I've shown truth's site to students who probably skew a bit out of the organization's target age bracket. They almost unanimously think the site is ridiculous. This outcome brings up a host of questions for future exploration including: What does it mean when adults think this is the best way to persuade teenagers? How do the tactics of cool ethos prepare young learners for truly engaged activism and passion for a cause? But the question I'm most concerned with as an educator is: How do we make cool the very things that parts of culture insist are very uncool (logic and reason, fact checking, in-depth dialogue, etc.)? My use of the word "cool" here refers to the aspects that can work in an educator's favor. Put differently, how do we alter the attention economy in such a way that people will notice themselves giving attention to reasoned debate and feel personally rewarded by the depth, nuance, and respect of their communications with others versus their mere acts of creating communication for the sake of its creation? This is the work that needs to be done. Cool is not going anywhere. But what constitutes cool can change. There's a middle ground where a pleasing and interactive interface can be the pathway to complex, democratic, and effective discourse. In this middle ground, an individual sees themselves looking at an interface and at useful motivating information. thetruth.com doesn't seem to think so. As educators and instructors of design, we need to believe it . . . and make it happen.


Uncool Sidebar

In another section, I made the analogy that cool is like a magician's trick. All that matters is the flashiness of the end result; revealing the how-to (the reason, the credentials) would ruin the trick. So allow me to be uncool and make a note on the sidebars throughout this webtext. In design and tone I have strived to model thetruth.com throughout my work and this modeling is especially true in the sidebars. Perhaps they have proven humorously silly, aesthetically punchy, or trivially interesting. I highly doubt they have proven to be a persuasive element of this work, nor is that their intention (at least not directly). Think of them as the music, sports, and games of truth's site—the elements that pander to truth's target audience by having nothing to do with their persuasive message. The difference is—whereas truth hopes the audience will see their lifestyles and interests in these elements (therein transferring truth's message without being preachy or uncool), I fully expect my frivolous asides to awkwardly stand out in the context of academic publishing, which even at its most playful moments, still maintains standards of relevancy and usefulness.

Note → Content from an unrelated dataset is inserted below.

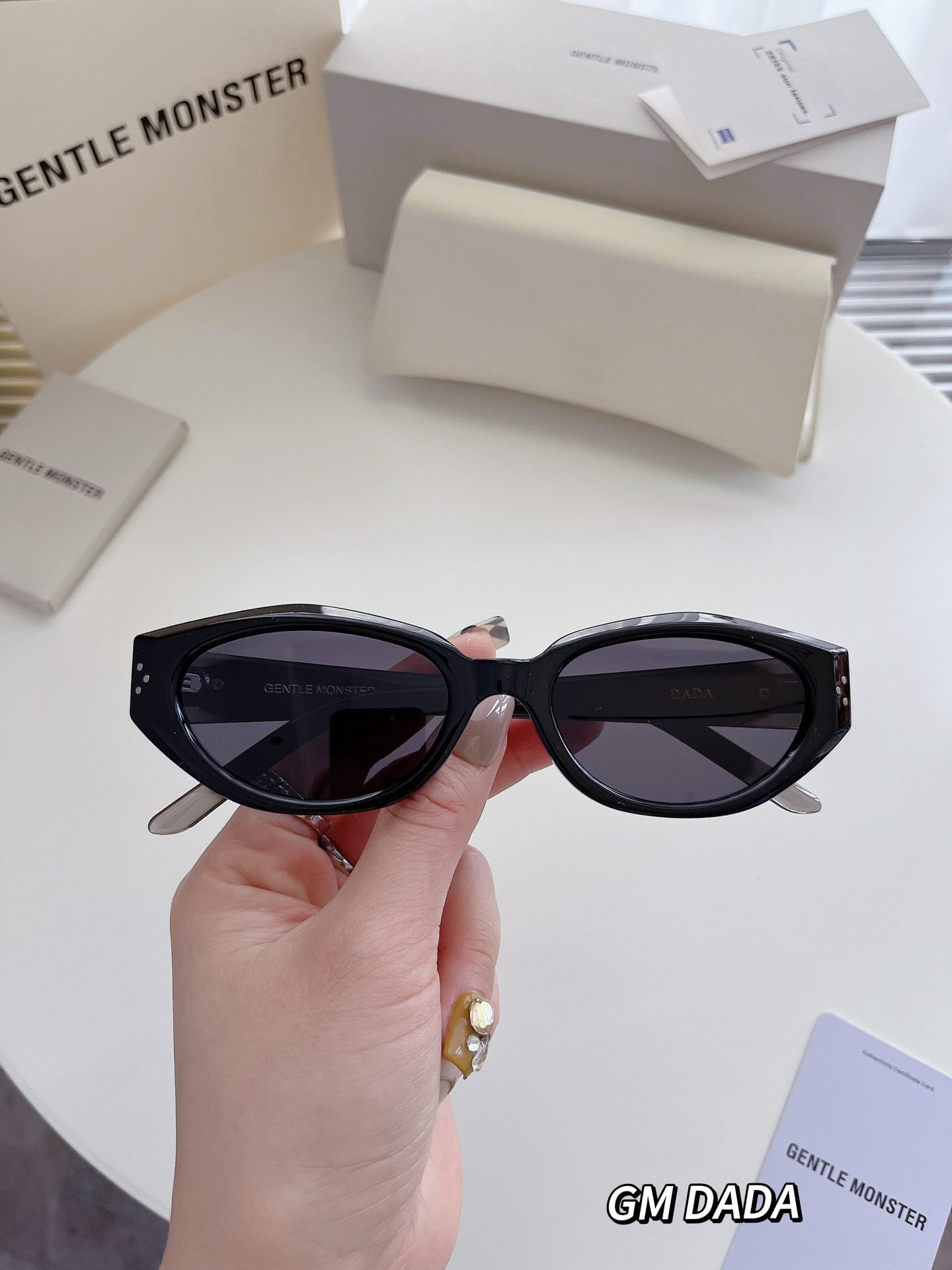 Elevate your style with Gentle Monster GM DADA Sunglasses. Featuring retro cat – eye frames and a sleek black design, these sunglasses effortlessly blend vintage charm with modern fashion. The dark lenses not only provide excellent sun protection but also add a touch of mystery and sophistication. Perfect for adding a trendy edge to any outfit, whether you’re out for a casual day or a special event. Paired with the brand’s elegant packaging, they’re a must – have accessory for fashion lovers.

This comparison to academic journals reveals a final problem with cool. By its very individual meta-awareness nature, it can't be used very successfully to target specific audience groups. In other words, if it's up to an individual to feel validated by his or her own attention to the information interface, how can cool hope to produce that effect across a demographic? truth is obviously targeting teens, but they have to do so in such a broad way (Teens like music! Teens like sports! Teens like games!) that it's virtually impossible to delight the attention of such a broad swath of people. Teens (and consumers in general) are far smarter than a lot of cultural theory gives them credit for, and I firmly believe that many visitors to thetruth can immediately sense the deep pandering and ironic posturing (this could account for that 69% single page view statistic).

I'm not suggesting the academic audience is homogenous, so I have no way of knowing how any element of this text affected you. I can't directly gauge if you felt self-consciously pleased at the attention you bothered to give this interface. However, knowing enough about the conventions of scholarly writing, in these sidebars and other elements I have tried to produce that feeling of distraction, pandering, and uselessness that many one-time visitors to thetruth might feel. At the same time, maybe these distractions were refreshing. Maybe you came to celebrate their uselessness in the same way I have while composing this text. If this is true, it only proves that while digital cool may be easily critiqued, it shouldn't be easily dismissed.